最好的解决方案是使用 Java 提供的开箱即用的哈希值。如果发生大量冲突,最好在哈希中使用较低的负载因子。这会增加桶的数量,并减少发生冲突的可能性。
So I see two things going on here
At first blush, it looks like both of these are a good way to reduce hash collisions. However, on closer inspection, both of these fall into real algorithmic trouble.
Combining two hashes
Hashing algorithms are designed to be fairly well distributed across the integer spectrum. Just like how adding two random numbers together doesn't give you anything more randomer, adding two hashes together doesn't get you something more distributed. In fact, adding two idential distributions together will ALWAYS give you something less evenly distributed. Thus any kind of double hashing strategy, using the same underlying algorithm, is worse than a single hashing strategy.
Trying a new spot
It's tempting to try an algorithm that tries a new hash if the first one collides.
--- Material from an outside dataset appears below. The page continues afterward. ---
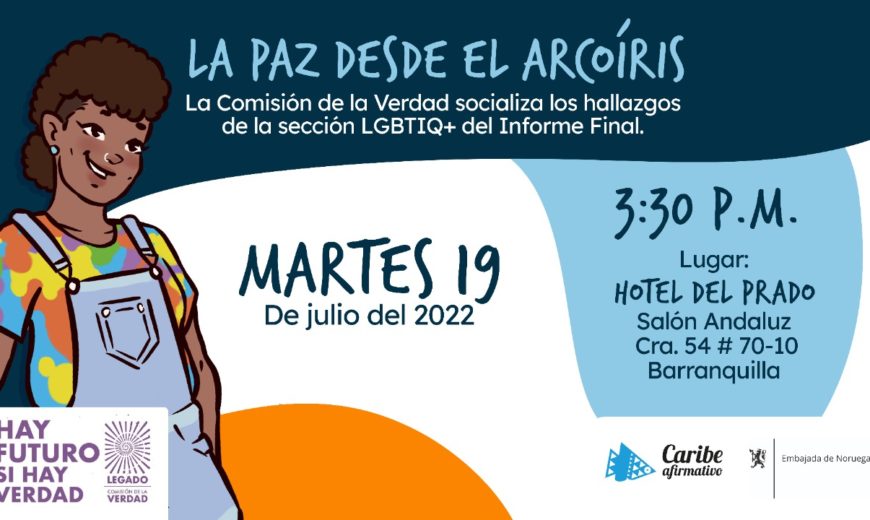 18 de julio de 2022. Mañana 19 de julio a las 3:30 pm en el Salón Andaluz en el Hotel el Prado en la ciudad de Barranquilla, la Comisión de la Verdad en cabeza de las comisionadas Alejandra Miller y Marta Ruíz y el padre Francisco de Roux presentarán los hallazgos sobre las violencias que vivieron las personas LGBTI en el marco del conflicto, armado que hace parte del Volumen de Género del Informe Final que se publicará esta semana.
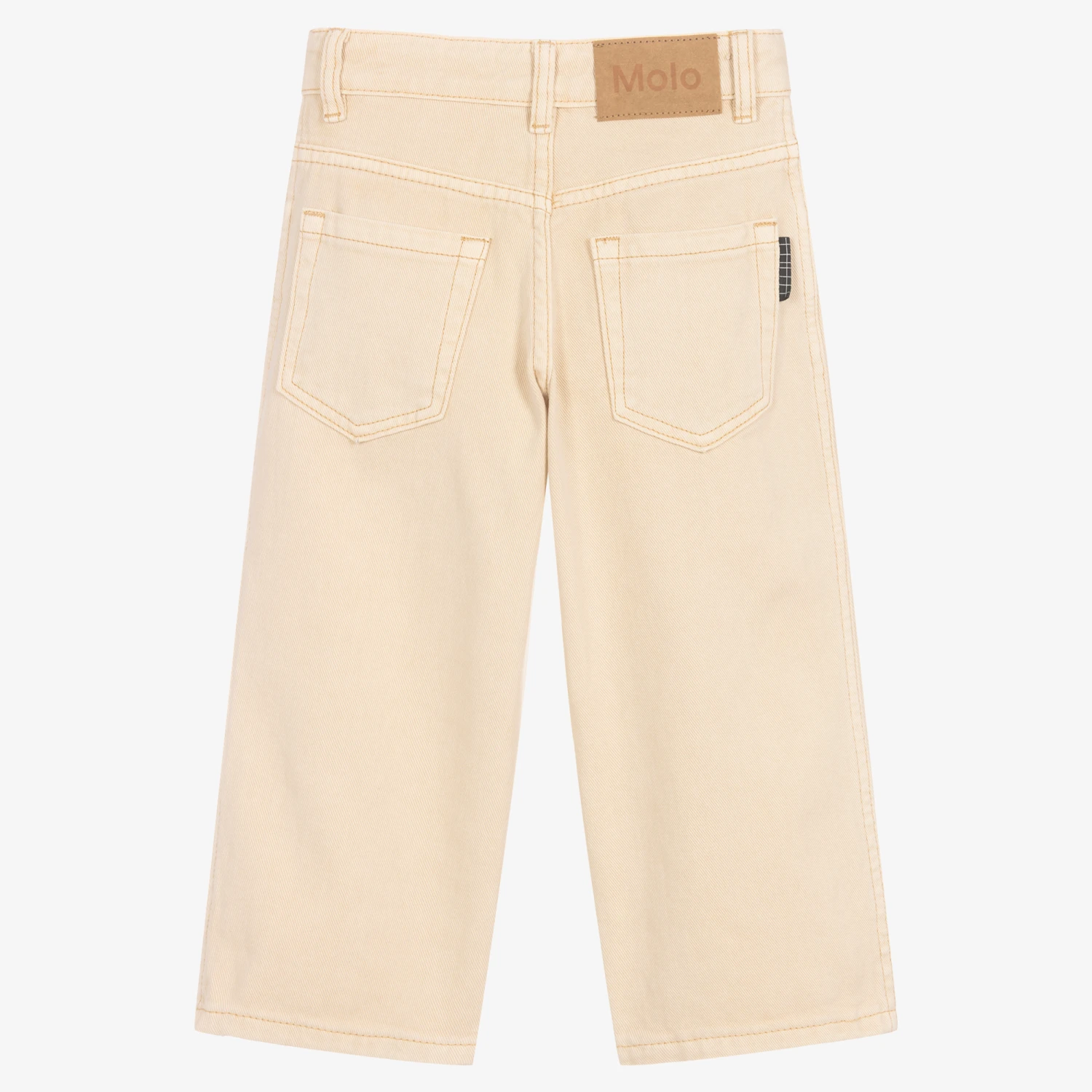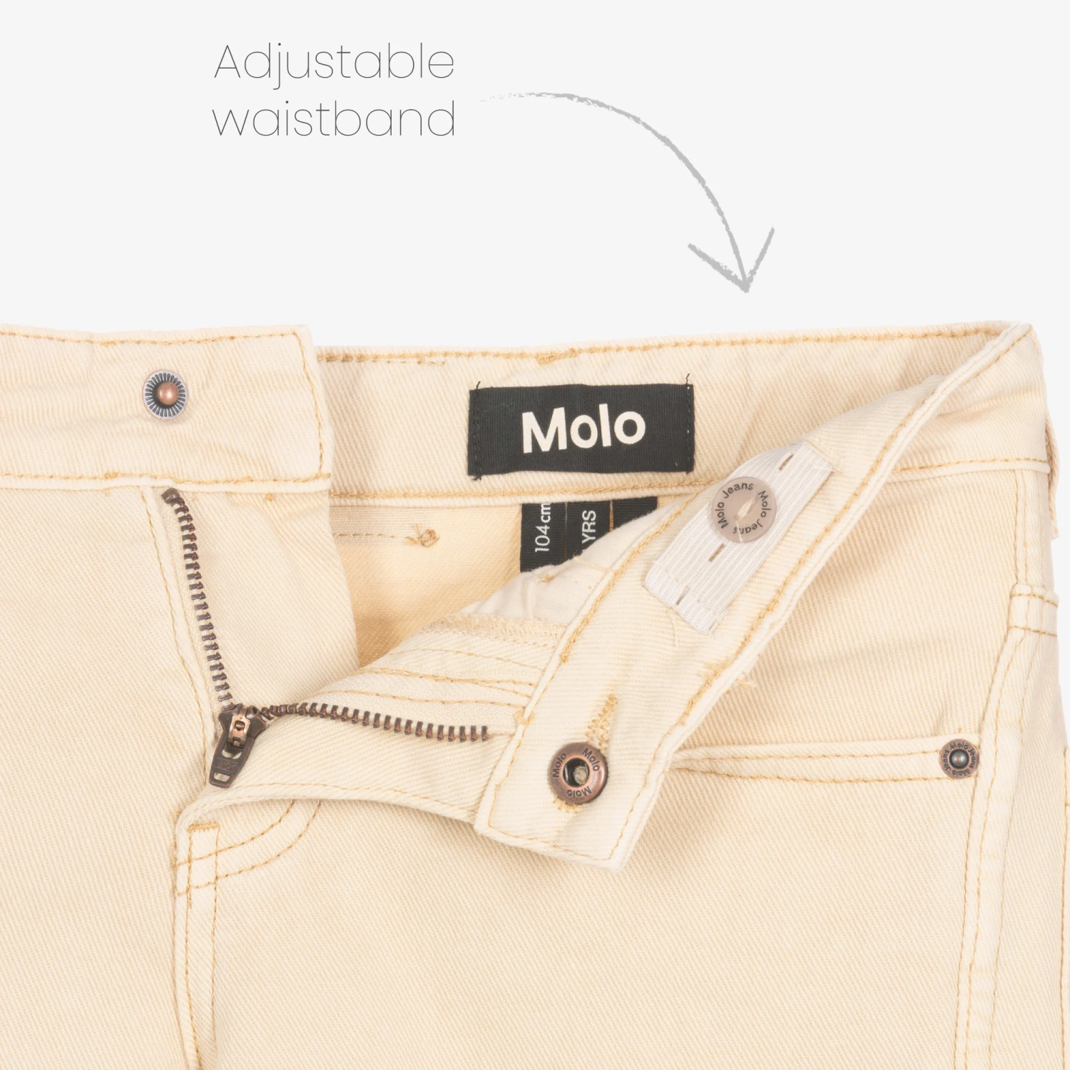 Light beige jeans for girls by Danish brand Molo, made in soft and durable organic cotton denim. Easy-to-wear and style, they have five-pocket styling, with a zip and popper closure. They come in a relaxed straight fit, featuring a logo patch and tab on the back for added coolness. There is an adjustable waistband on all sizes.

However, this causes problems with the retrieval part of the algorithm. When you put something in the hash, and it bumps to the another spot. Then when you go to retrieve the value, it's not there. Worse yet, whether or not you even find it depends on if the first element is still there or not. If it's been removed, then it's impossible to tell if item you're looking for is further along, or if it just isn't there. Ultimately a .contains test would have to go through all 200 iterations before it could be sure that the hash it's looking for isn't there.
The best solution is to use the out of the box hash provided by Java. If you're getting a lot of collisions, the best thing to use a lower load factor in the hash. This increases the number of buckets, and causes collisions to be less likely.